1. Assume the Debt: You buy the equity of the company for $50M and the debt stays the same. You owe $50M and are in the same position as the seller. Makes sense.

2. Cash-Free, Debt-Free: You pay the seller $50M and pay the seller’s lender $50M for a total of $100M. This is the enterprise value. Then, if you like, you can borrow $50M on the company, so at the point you have bought the company for $50M, but you still have $50M in debt, so this is identical to the first example from a balance sheet perspective.

The Enterprise Value formula is good to memorize, so here it is:

Enterprise Value = Equity + Debt + Preferreds + Noncontrolling Interest - Non-Operating Cash

We’ve already explained equity and debt, so that should make sense. Preferred stock works basically the same as debt except that it pays a preferential dividend instead of interest, so it works identical to debt. Noncontrolling interest is a separate topic which is explained well here (https://corporatefinanceinstitute.com/resources/valuation/minority-inte…).

Cash is the last piece of the formula. Enterprise Value is trying to get at the operating value of the business if you owned it, lock, stock, and barrel, and wanted it completely free and clear. As an extreme example, if you were buying a child’s lemonade stand that made $300 in EBITDA every year, and it also had $10M sitting in a bank account, you’d probably just say “this cash isn’t required to run the business. Let me buy the lemonade stand for a 5x EBITDA multiple and you keep the $10M.” The value of the lemonade stand itself as an operation is ~$1,500. How much cash you keep on hand is a FINANCING, not an operating decision.

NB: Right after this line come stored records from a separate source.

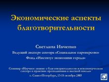 Экономические аспекты благотворительности Светлана Ивченко Ведущий эксперт сектора
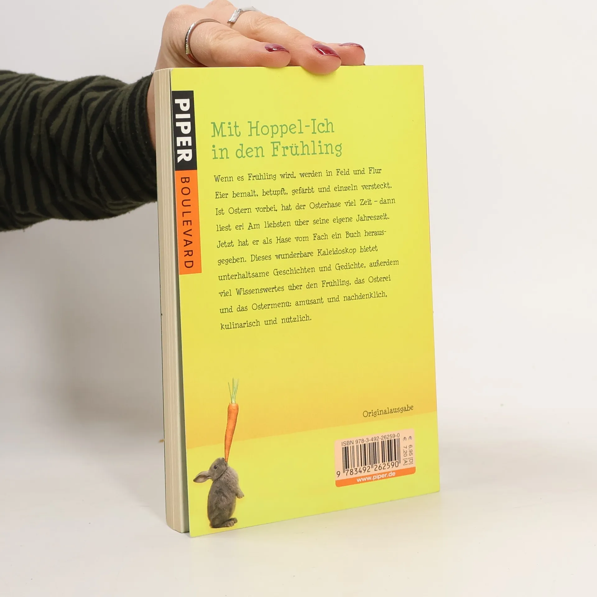 Wenn es Frühling wird, werden in Feld und Flur Eier bemalt, betupft, gefärbt und einzeln versteckt. Ist Ostern vorbei, hat der Osterhase viel Zeit – dann liest er! Am liebsten über seine eigene Jahreszeit. Jetzt hat er als Hase vom Fach ein Buch herausgegeben. Dieses wunderbare Kaleidoskop bietet unterhaltsame Geschichten und Gedichte, außerdem viel Wissenswertes über den Frühling, das Osterei und das Ostermenü: amüsant und nachdenklich, kulinarisch und nützlich.
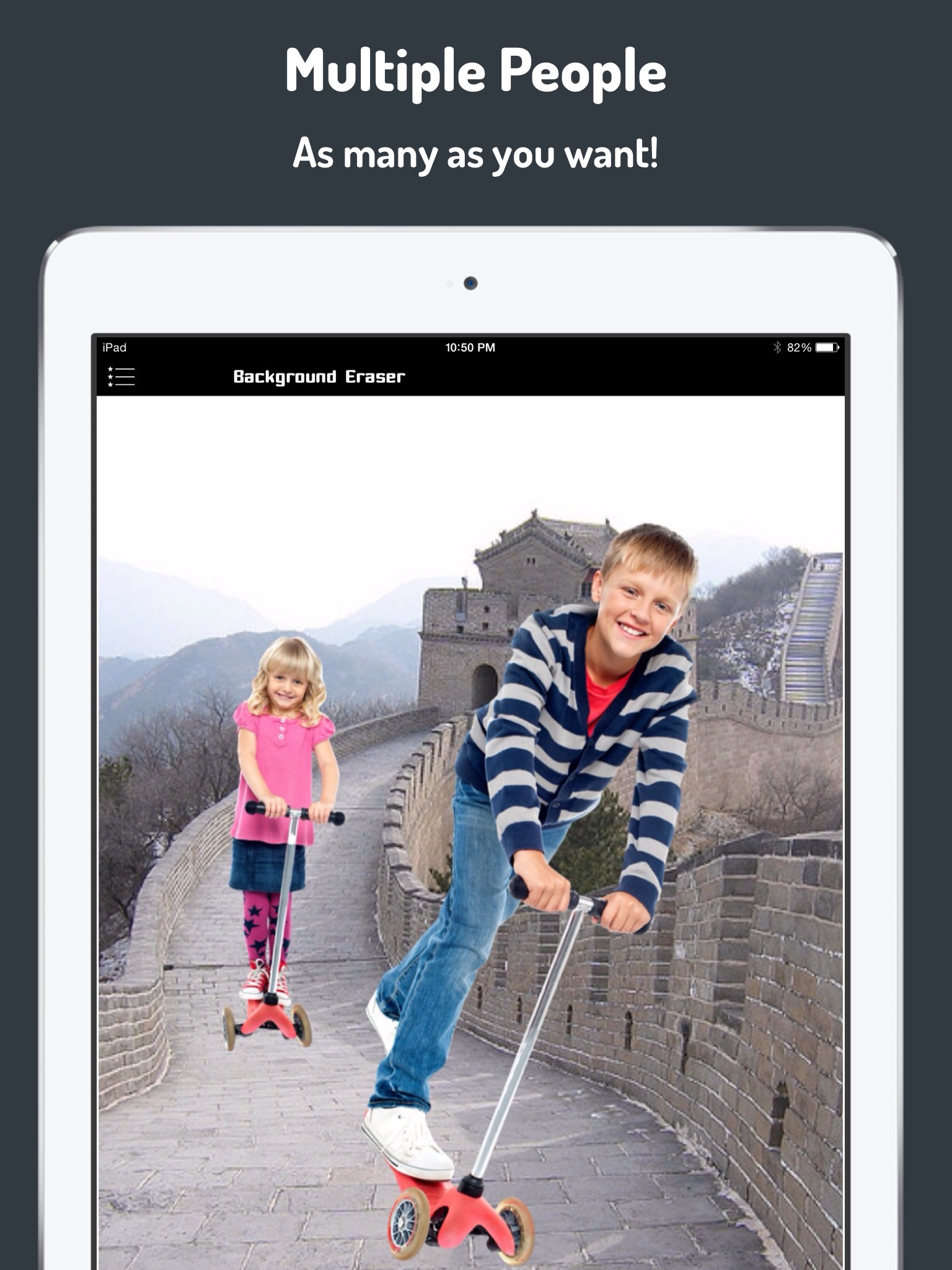 - Add your photos by easily removing the background in two easy steps:
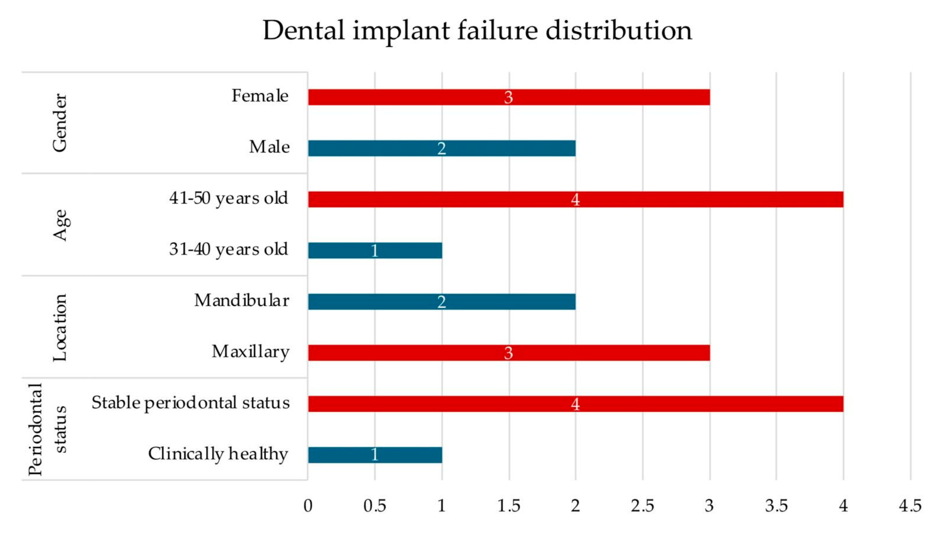 | Baseline Clinical Parameters | Dental Implant Survival | Dental Implant Failure | ||||
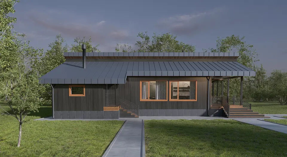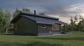 Планировочное решение обусловленно расположением на земельном участке и сторонами света, таким образом крыльцо пришлось совместить с террасой. Дом проектировался для постоянного проживания двух человек, но в нем предусмотренно пространство для работы и отдельная комната для размещения гостей. Как в лучших традициях Финляндии, строение содержит в себе парную с отдельным выходом через котельную. Цвет фасада и форма так же были выбраны в Скандинавском стиле.
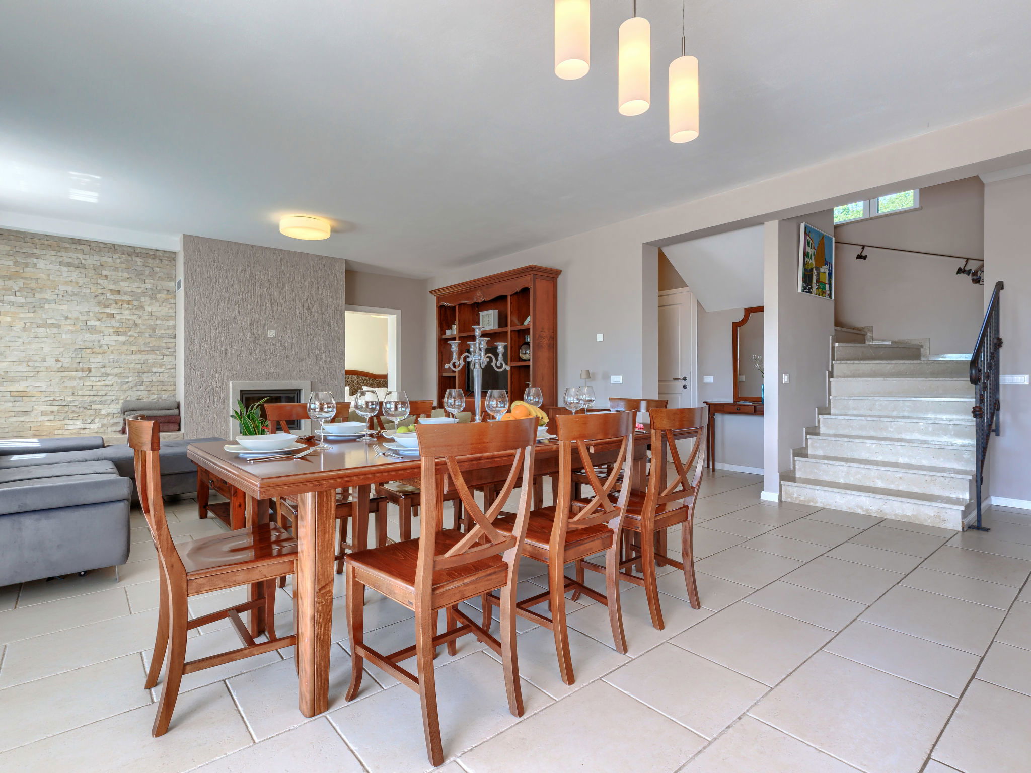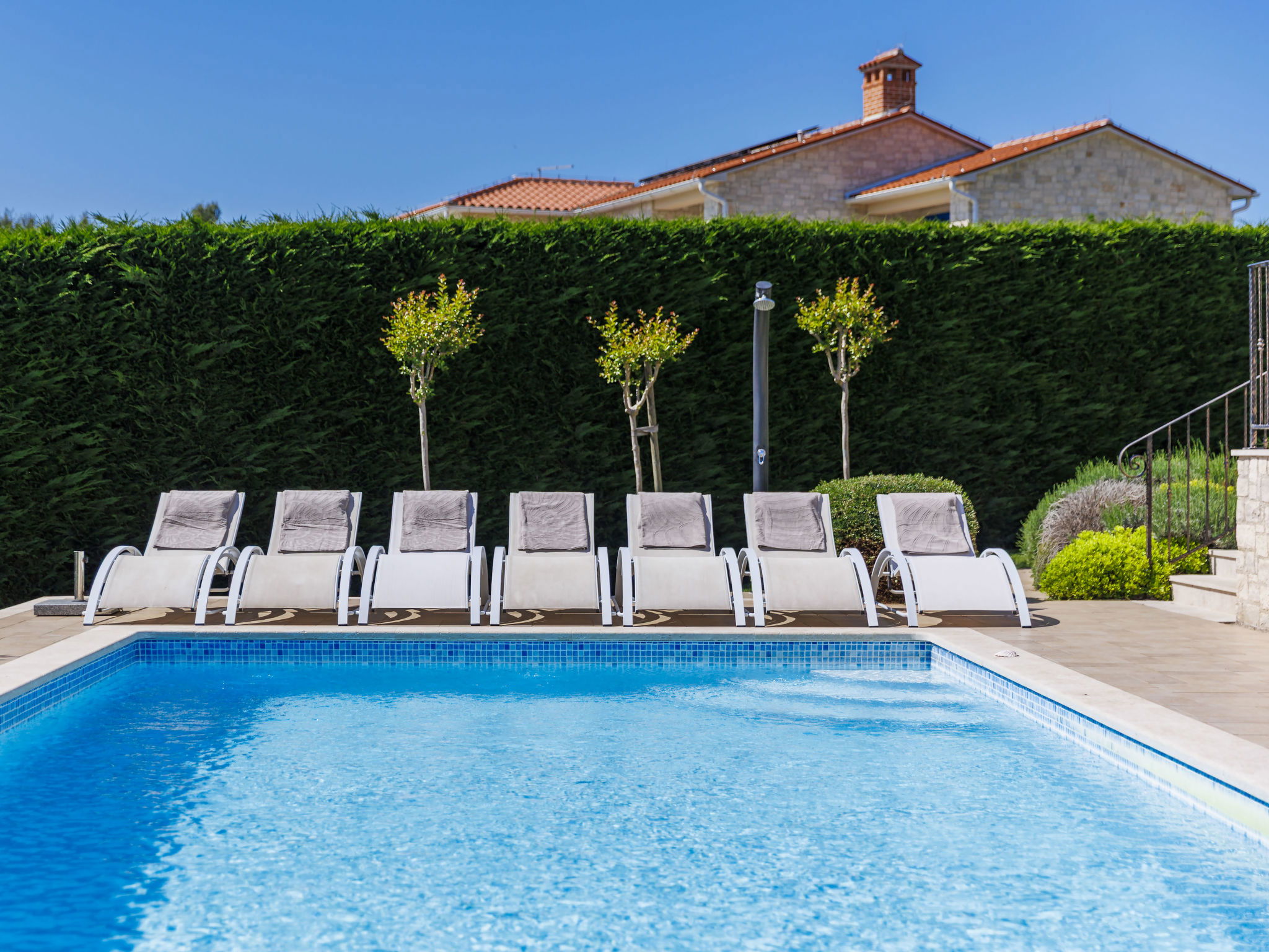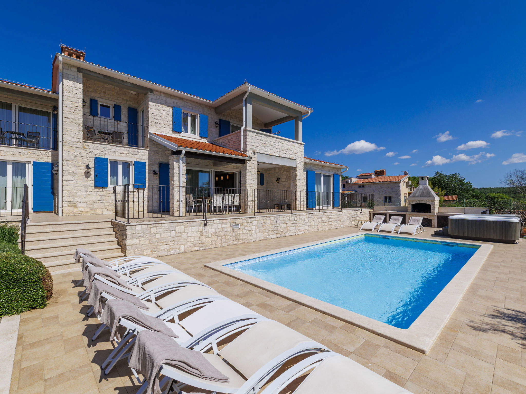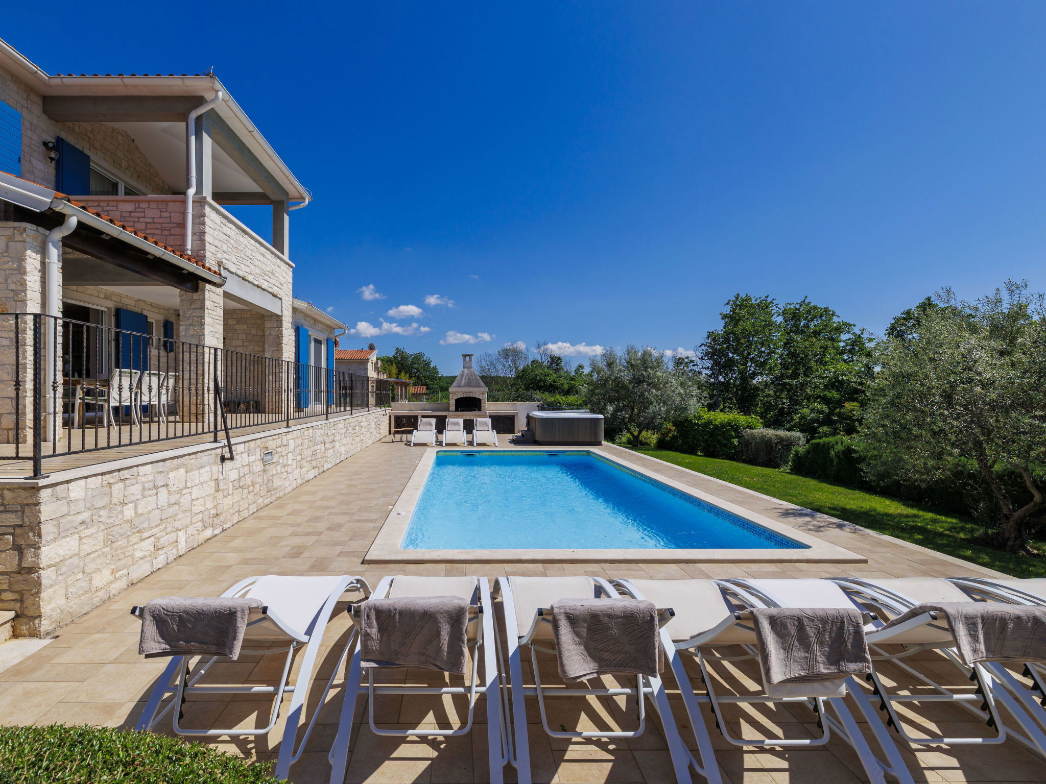 Beautiful villa "Babudri", 2 storeys. In the hamlet Strpačići 2 km from the centre of Višnjan, 12 km from the centre of Poreč, in a sunny position, 15 km from the sea, 15 km from the beach. Private: property 1'120 m2 (fenced) with lawn, swimming pool angular, heated (4 x 8 m, depth 140 cm, seasonal availability: 01.May. - 01.Nov.) with internal staircase. Outdoor shower, hot tub, garden furniture, barbecue. In the house: internet access, sauna, washing machine, tumble dryer. Parking (for 3 cars) at the house on the premises. Supermarket 2 km, restaurant 2 km, bus stop 3 km, pebble beach 15 km, rocky beach 15 km. Walking paths from the house 100 m, cycle lane 150 m. Swimming pool heated (extra).

It’s a bit complicated, so you should do some more reading, read some more examples, and maybe revisit this comment a few times.

 

+1 SB. I said less than 50% when I ought to have said more than 50%. The key is that the P&L of the whole 100% of the subsidiary is booked on the parent company, so you should be factoring in 100% of the value of the subsidiary, even if it is not fully known.

The better thing to do from an investing perspective is to strip the noncontrolling interest out of the P&L and forget about it entirely if you can get the data to do it, but that is beyond this introductory question. Thanks again.

 

So, let’s think about what the buyer pays in both my examples.

1. Assume the Debt: Here, the buyer pays the seller $50M upfront and still owes $50M, so in time, the buyer will have paid $100M if they want this thing free and clear (assuming no interest paid).

2. Cash-Free, Debt Free: Unlike the prior example, the buyer pays $50M to the seller AND $50M to seller’s lender, so $100M cash outlay upfront, with no future debt payments.

In both cases, the buyer has to ultimately pay $100M to get the company free and clear; the difference is in the timing of repaying the debt (at some point in the future or at time of acquisition).

It’s not true that a buyer must pay the full enterprise value upfront; you just have to buy the equity, and anything extra is paying down debt on the business.

 

Again, thanks for your answer. That means if we take over the debt, we only pay 50M to the owner and the other 50M will be paid off over time by paying off the debt (to the lender), right?